Beneath this line are entries. Copy the range from the line with "The hedgehog house" to the line with "李岚书记走访了公司2022级", ends included, exactly; leave pictures out.
====== MATERIAL FOR THIS TASK
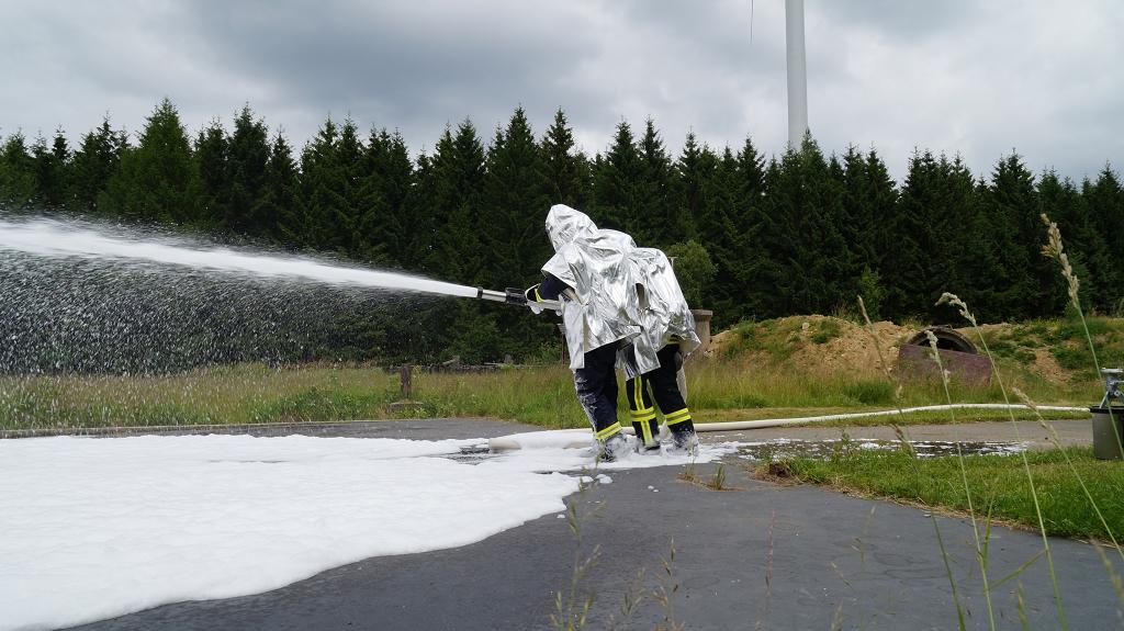 Als Highlight des Übungstages stand ein brennender Kesselwaggon auf dem Programm. Dazu bauten die Einsatzkräfte einen massiven Schaumeinsatz mit mehreren Rohren auf, um den Brand unter Kontrolle zu bekommen. Trotz aller Anstrengungen und Aufgaben hatten die Kameraden der beiden Wehren auch untereinander sehr viel Spaß bei der Arbeit und so konnte der Tag mit einem gemeinsamen Abschluss im Edinger Gerätehaus beendet werden
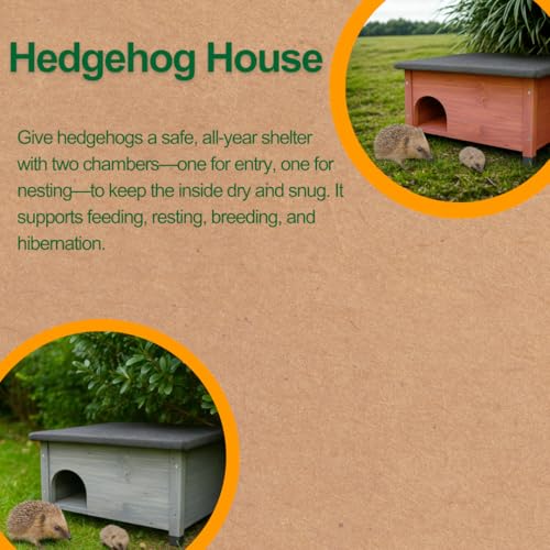 The hedgehog house features a clever two-chamber layout, giving hedgehogs a dry entry area and a separate nesting space. This design keeps them protected from damp and allows a cosy, secure place to rest, raise young, or hibernate. It mimics natural burrows, helping hedgehogs feel safe and comfortable year-round.
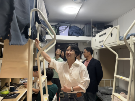 李岚书记走访了公司2022级部分本科生宿舍和2023级研究生宿舍。走访本科宿舍过程中,李岚书记与同学们进行亲切交谈,了解员工的返校过程及报到后的感受。李岚书记详细询问了公司回迁的2022级本科生对公司住宿条件、生活环境的适应情况,耐心倾听同学们对于住宿问题的反馈,积极与校后勤办协调沟通,并提出解决办法。
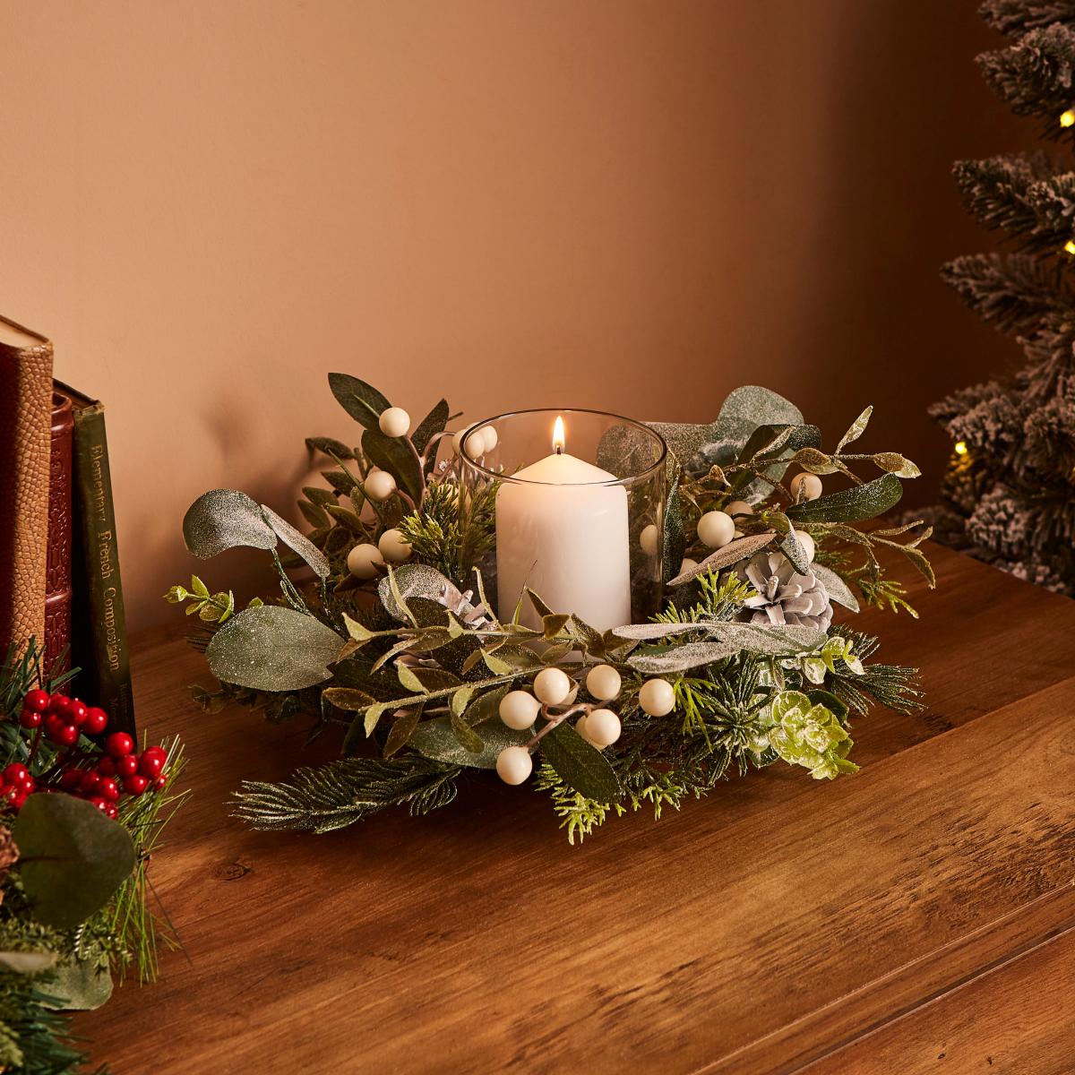 I love the White Berries & Foliage candle holder for adding a fresh, natural touch to both traditional and contemporary interiors. Its muted green hue and realistic foliage make it versatile, enhancing cosy spaces like living rooms or festive tables without overpowering other decor. For styling, try pairing it with neutral or wooden surfaces, or mix with other natural elements like pinecones or dried flowers for seasonal displays. It works equally well as a centrepiece or grouped with other candles for a layered look, providing warmth and a subtle hint of greenery.
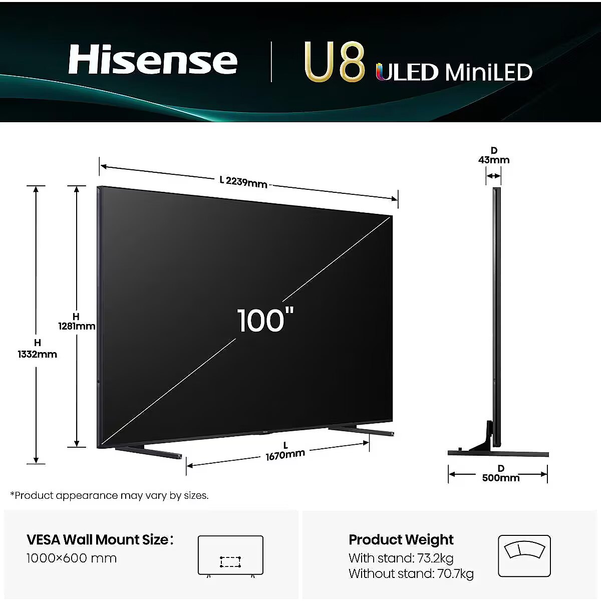 Title - Hisense 100U8Q 2.54 m (100") 4K Ultra HD Smart TV Wi-Fi Black, Grey
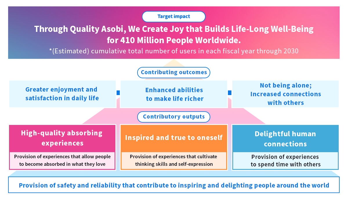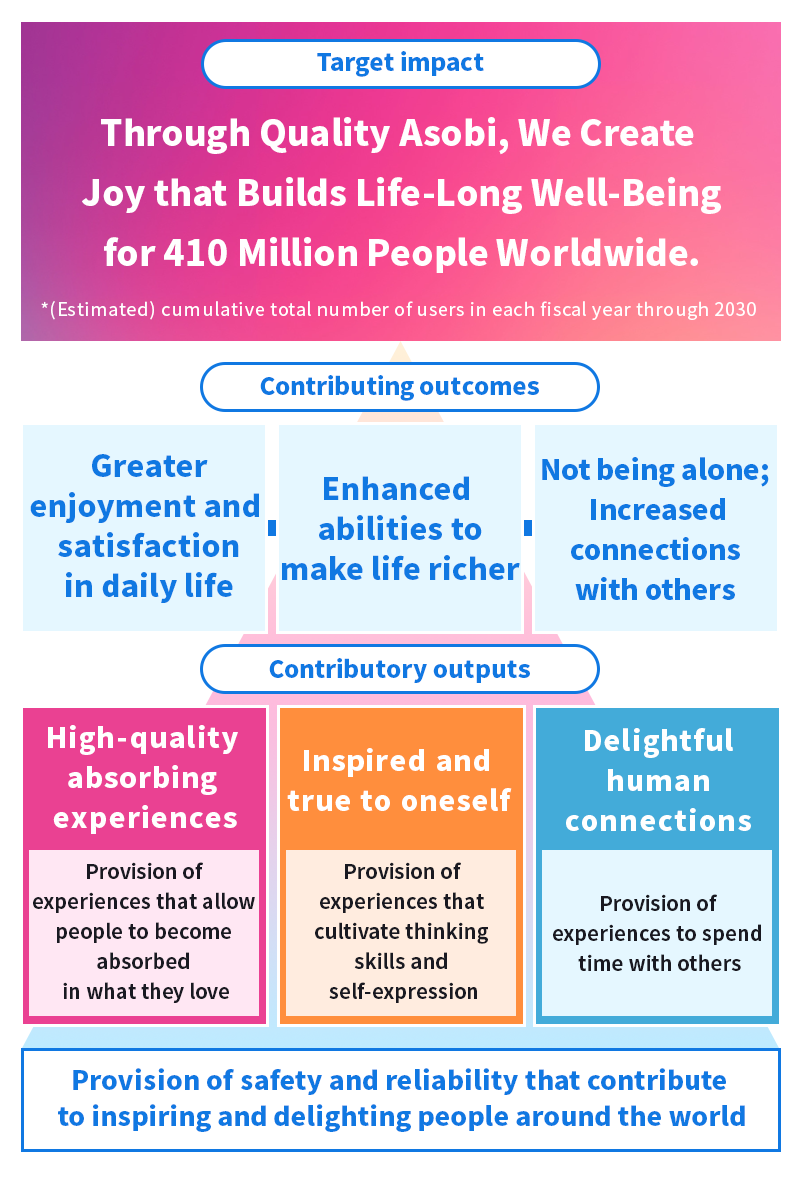 Building on these outcomes, we will aim to achieve the impact, “Through Quality Asobi, We Create Joy that Builds Life-Long Well-Being for 410 Million People Worldwide.”
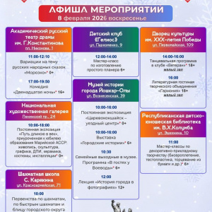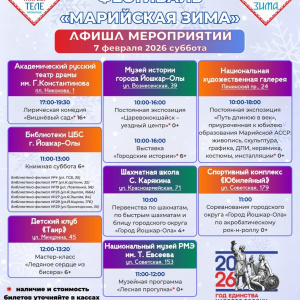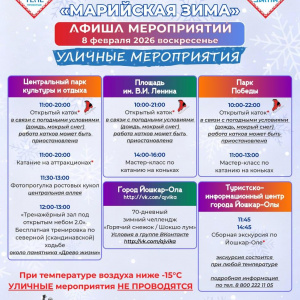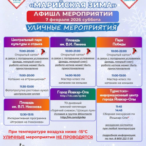В Йошкар-Оле 7 и 8 февраля пройдет фестиваль «Марийская зима» с программой для детей и взрослых – спектакли, мастер-классы, выставки, катки, экскурсии и уличные активности.
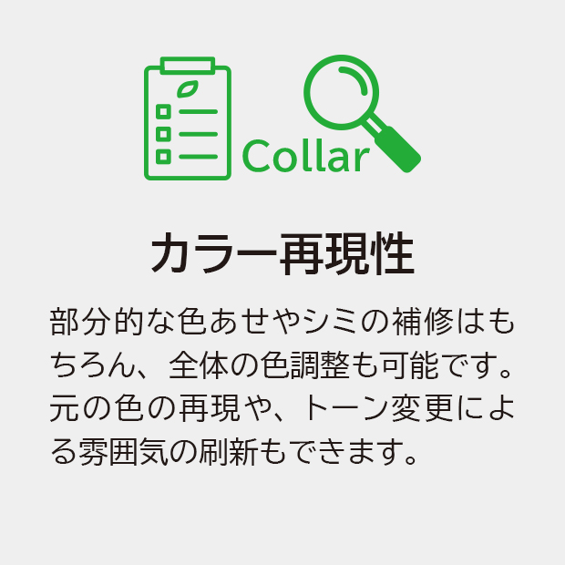 経年劣化や日焼けによる色あせ、色落ち、頑固な汚れやシミなどで美観が損なわれたカーペットや絨毯に対し、部分的または全面的に染色を施すことで、まるで新品同様の仕上がりを実現します。
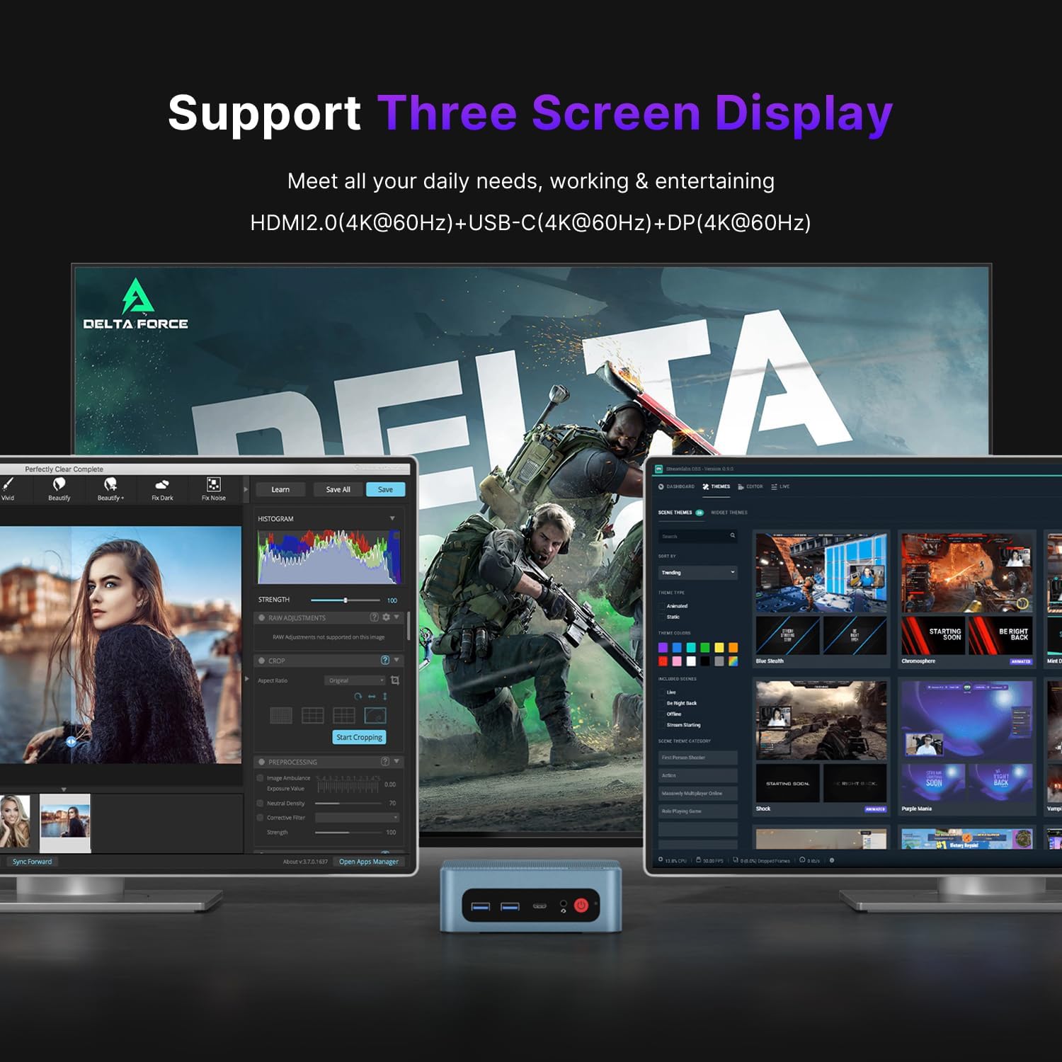 Support Triple 4K Display: Integrated Intel Iris Xe Graphics enable Bosgame micro pc P2 Neo to true to-life display quality bringing you a stunning visual experience. With its HDMI, DisplayPort, and Full Function USB-C ports, the P2 Neo Intel mini pc 12450H can support up to three displays for an extended workspace.
============
SOLUTION TO THIS TASK:
 The hedgehog house features a clever two-chamber layout, giving hedgehogs a dry entry area and a separate nesting space. This design keeps them protected from damp and allows a cosy, secure place to rest, raise young, or hibernate. It mimics natural burrows, helping hedgehogs feel safe and comfortable year-round.
 李岚书记走访了公司2022级部分本科生宿舍和2023级研究生宿舍。走访本科宿舍过程中,李岚书记与同学们进行亲切交谈,了解员工的返校过程及报到后的感受。李岚书记详细询问了公司回迁的2022级本科生对公司住宿条件、生活环境的适应情况,耐心倾听同学们对于住宿问题的反馈,积极与校后勤办协调沟通,并提出解决办法。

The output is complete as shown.